WORK TO BE COMPLETED: Using the listing below, copy exactly each line from the one that has "하지만 올해 들면서 상황이" through the one that has "- अपने क्लिनिक"; omit the pictures.

RECORDS SHOWN:
● ● ● ● ●

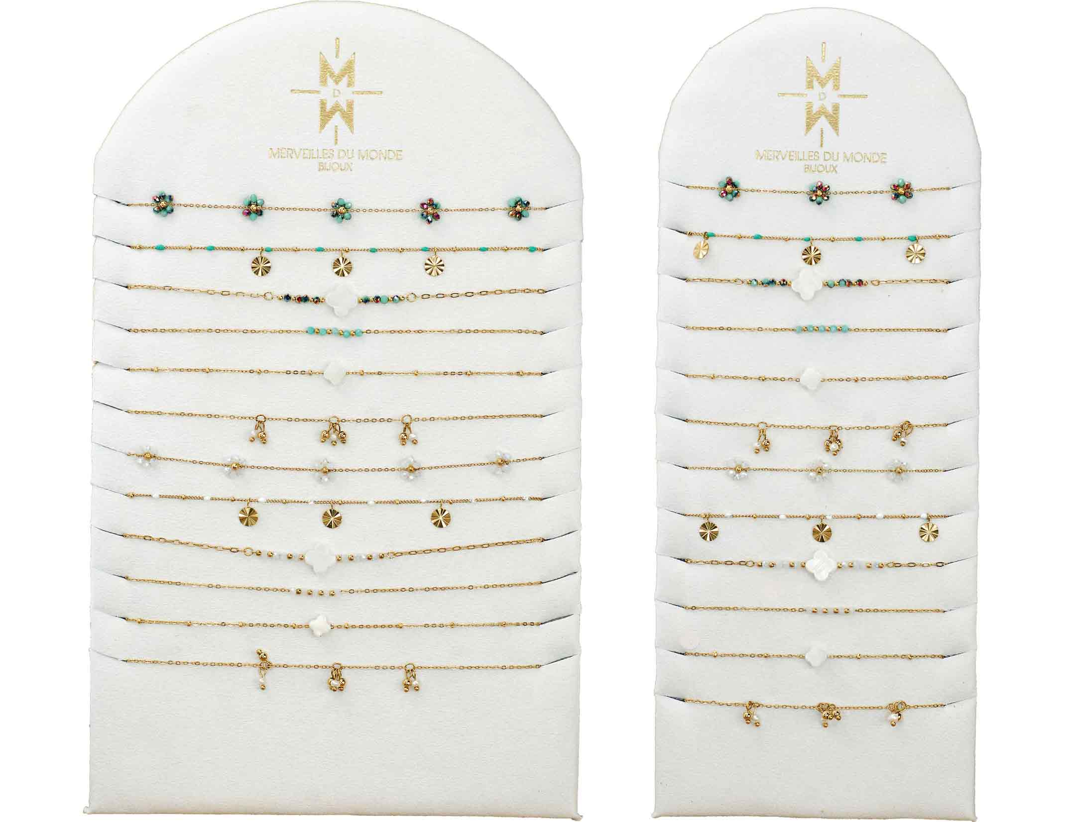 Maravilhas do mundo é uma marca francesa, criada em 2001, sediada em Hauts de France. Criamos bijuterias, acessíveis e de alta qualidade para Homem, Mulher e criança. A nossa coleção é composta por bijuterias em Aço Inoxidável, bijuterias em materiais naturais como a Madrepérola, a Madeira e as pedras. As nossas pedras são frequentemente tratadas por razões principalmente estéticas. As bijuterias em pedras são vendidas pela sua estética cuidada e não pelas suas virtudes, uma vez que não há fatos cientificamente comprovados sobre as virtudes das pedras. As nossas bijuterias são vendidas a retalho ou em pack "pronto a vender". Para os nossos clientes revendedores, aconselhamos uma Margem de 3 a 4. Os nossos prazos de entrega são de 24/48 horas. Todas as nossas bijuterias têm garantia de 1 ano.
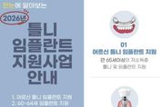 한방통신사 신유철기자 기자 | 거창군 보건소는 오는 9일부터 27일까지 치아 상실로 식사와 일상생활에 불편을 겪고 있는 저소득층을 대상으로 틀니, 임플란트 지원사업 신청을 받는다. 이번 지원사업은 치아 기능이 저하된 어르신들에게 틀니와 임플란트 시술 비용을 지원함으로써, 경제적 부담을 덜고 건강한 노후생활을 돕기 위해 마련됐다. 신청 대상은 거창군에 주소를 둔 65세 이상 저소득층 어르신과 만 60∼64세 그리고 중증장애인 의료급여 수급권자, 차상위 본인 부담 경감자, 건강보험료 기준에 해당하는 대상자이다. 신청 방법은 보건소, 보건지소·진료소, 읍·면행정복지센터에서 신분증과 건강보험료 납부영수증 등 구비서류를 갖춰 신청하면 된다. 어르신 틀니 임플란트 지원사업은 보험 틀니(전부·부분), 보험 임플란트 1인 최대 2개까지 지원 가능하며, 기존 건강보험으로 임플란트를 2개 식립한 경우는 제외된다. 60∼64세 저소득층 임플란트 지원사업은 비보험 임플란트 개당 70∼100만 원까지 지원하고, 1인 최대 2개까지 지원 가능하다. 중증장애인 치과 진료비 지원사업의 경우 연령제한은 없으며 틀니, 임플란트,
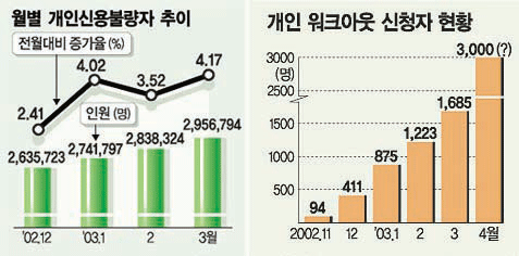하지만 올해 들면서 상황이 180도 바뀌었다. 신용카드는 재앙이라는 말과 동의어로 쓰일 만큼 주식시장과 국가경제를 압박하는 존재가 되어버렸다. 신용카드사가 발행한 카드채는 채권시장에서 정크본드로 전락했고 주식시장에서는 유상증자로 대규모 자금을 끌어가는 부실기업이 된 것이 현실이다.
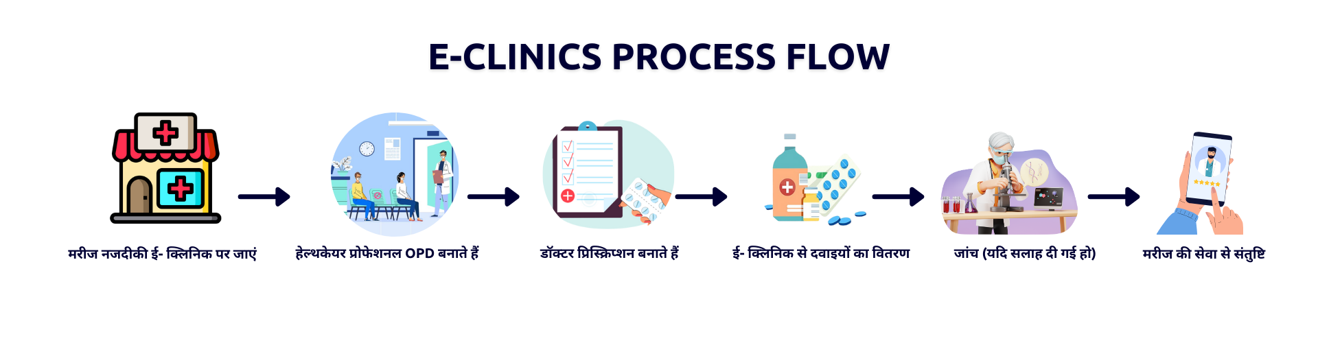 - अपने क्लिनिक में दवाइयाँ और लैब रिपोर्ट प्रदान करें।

● ● ● ● ●

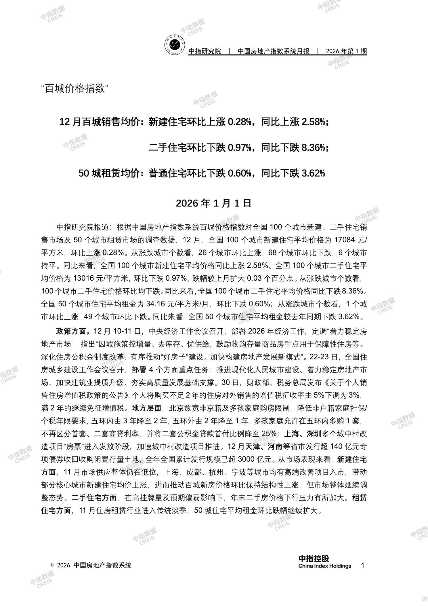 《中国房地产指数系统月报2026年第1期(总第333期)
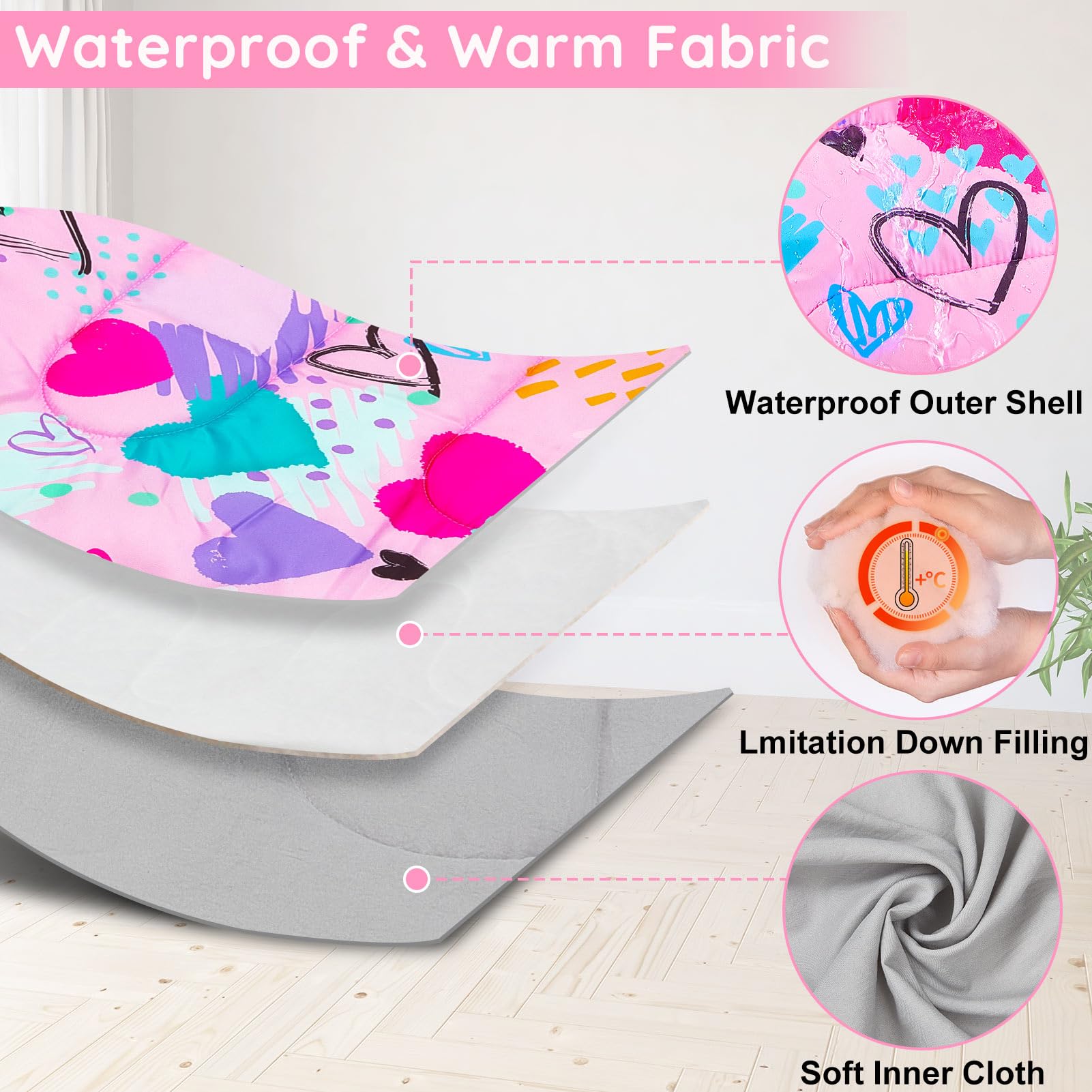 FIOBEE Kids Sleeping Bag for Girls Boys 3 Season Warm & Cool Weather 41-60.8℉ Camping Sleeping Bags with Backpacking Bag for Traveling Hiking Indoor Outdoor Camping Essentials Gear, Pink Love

● ● ● ● ●

RESPONSE TO THIS TASK:
하지만 올해 들면서 상황이 180도 바뀌었다. 신용카드는 재앙이라는 말과 동의어로 쓰일 만큼 주식시장과 국가경제를 압박하는 존재가 되어버렸다. 신용카드사가 발행한 카드채는 채권시장에서 정크본드로 전락했고 주식시장에서는 유상증자로 대규모 자금을 끌어가는 부실기업이 된 것이 현실이다.
 - अपने क्लिनिक में दवाइयाँ और लैब रिपोर्ट प्रदान करें।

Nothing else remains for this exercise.